With Vista no longer supported by Microsoft, Windows 7 is the next major operating system scheduled for obsolescence.
Microsoft Windows Vista still technically works as an operating system, but it has officially entered "operate at your own risk" status.
Microsoft is recommending that all Vista customers migrate to Windows 10 and purchase hardware needed to run the current operating system. At the same time, the Vista sunset may not be a big deal where enterprise customers are concerned.
"I don't see it as having a big impact," said Paul DeGroot, who specializes in Microsoft licensing as principal consultant at Pica Communications. "The retirement of Windows 7 will be a bigger deal."
At the time of its release in 2006, Vista was heralded as a leap forward in functionality, stability and security. The system, however, failed to deliver on its promise. Rival Apple launched an advertising campaign mocking the operating system and its complexity.
Microsoft ended mainstream support for Vista in 2012 and was providing limited support until April 11, 2017.
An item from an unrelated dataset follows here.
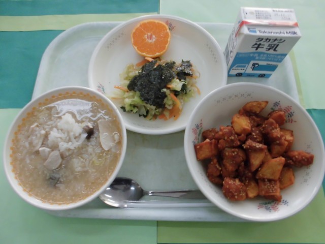 サムゲタン風雑炊 ヤンニョムチキンポテト チョレギ風サラダ みかん

DeGroot noted that many enterprise users found that their custom-coded applications couldn't make the switch from XP to Vista and decided that it wasn't worth the effort. DeGroot recalled one client that found that 3,000 of its 9,000 applications were incompatible with Vista. Many users found the operating system so balky and inconvenient that they rolled back to Windows XP.
Relatedly, DeGroot said, the XP sunset in 2014 pushed many customers to develop applications that aren't dependent or linked to operating systems and that run over a browser instead.
For these and other reasons, DeGroot said he expects a smoother path for enterprise users when they shift to Windows 10 by the Q1 2020 retirement date of the Windows 7 operating system.
In the federal government, the Department of Defense has been leading a charge to upgrade ahead of the pack. As part of the Joint Information Environment campaign, the Pentagon has been scrambling to migrate to Windows 10 and ensure that new systems and devices come with Windows 10 preinstalled.
"The Department's Windows 10 migration plan addresses legacy operating systems first and identifies issues such as the 11 April 2017 expiration of Vista Service Pack 2," DOD spokesman Lt. Col. James Brindle said.
According to Brindle, DOD has migrated 200,000 devices to Windows 10, and that number is expected to double in the coming months. But with some 4 million desktops, laptops and tablets in the department, that means only 10 percent will soon be up to current standards.
Originally, DOD expected to have all devices running Windows10 by January 2017. However, former CIO Terry Halvorsen acknowledged as far back as September of last year that the goal was overly ambitious, and now it looks like the migration might not be complete until sometime in 2018.